■ PROVIDED DATA

:::::

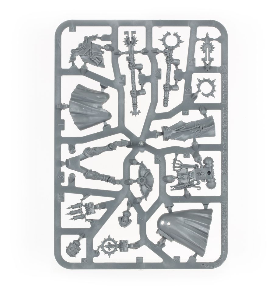 The Sister Dogmata is a figure revered and feared in equal measure within her order, as only she has the authority to condemn a Battle Sister to the ranks of the Repentia with but a word. With shouted prayers and swings of her colossal mace, the Sister Dogmata drives the Adepta Sororitas to ever greater heights of faith and fury under her steely gaze.
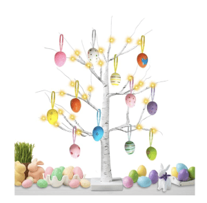 A charming lighted Easter egg tree that instantly brings a bit of spring cheer to your home. The tabletop birch-style tree features 24 warm white LED lights and 12 hanging egg ornaments, creating a soft glow that works beautifully as a centerpiece or seasonal décor for a shelf or entry table.
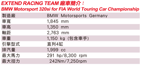 BMW Motorsport 320si![]() 這輛由E90為基礎的比賽車,是經由德國BMW MotorSport賽車部門所打造,車輛所有的配備都經過FIA認證,也就是說這輛車可以直接下場參加國際世界房車的賽事。其實再購入這輛BMW 320si WTCC賽車之前也有考慮過Chevrolet WTCC賽車,不過礙於台灣沒有販售Chevrolet品牌車輛,如果後續藉由比賽開發套件,Chevrolet在台灣完全沒市場,所以最後還是考慮BMW 320si WTCC;另外,後輪驅動的BMW 320si WTCC,也比前輪驅動的Chevrolet WTCC賽車來的有樂趣。 ![]() ▲從這角度看,很明顯發現這輛BMW Motorsport 320si WTCC前葉子板寬度比起一般正常E90 320i寬很多。![]() ▲車尾的GT尾翼增加比賽時後輪的下壓力,排氣管位置重新設計,改為雙出尾段。![]() ▲全平面的光頭胎提供車輛很高的過彎極限,價格不斐考驗車隊的口袋深度。

:::::

■ PROBLEM STATEMENT
Restate word for word the lines above that start at the line containing "A charming lighted" and run to the end of the listing; exclude the pictures.

■ WRITTEN SOLUTION
 A charming lighted Easter egg tree that instantly brings a bit of spring cheer to your home. The tabletop birch-style tree features 24 warm white LED lights and 12 hanging egg ornaments, creating a soft glow that works beautifully as a centerpiece or seasonal décor for a shelf or entry table.
 BMW Motorsport 320si![]() 這輛由E90為基礎的比賽車,是經由德國BMW MotorSport賽車部門所打造,車輛所有的配備都經過FIA認證,也就是說這輛車可以直接下場參加國際世界房車的賽事。其實再購入這輛BMW 320si WTCC賽車之前也有考慮過Chevrolet WTCC賽車,不過礙於台灣沒有販售Chevrolet品牌車輛,如果後續藉由比賽開發套件,Chevrolet在台灣完全沒市場,所以最後還是考慮BMW 320si WTCC;另外,後輪驅動的BMW 320si WTCC,也比前輪驅動的Chevrolet WTCC賽車來的有樂趣。 ![]() ▲從這角度看,很明顯發現這輛BMW Motorsport 320si WTCC前葉子板寬度比起一般正常E90 320i寬很多。![]() ▲車尾的GT尾翼增加比賽時後輪的下壓力,排氣管位置重新設計,改為雙出尾段。![]() ▲全平面的光頭胎提供車輛很高的過彎極限,價格不斐考驗車隊的口袋深度。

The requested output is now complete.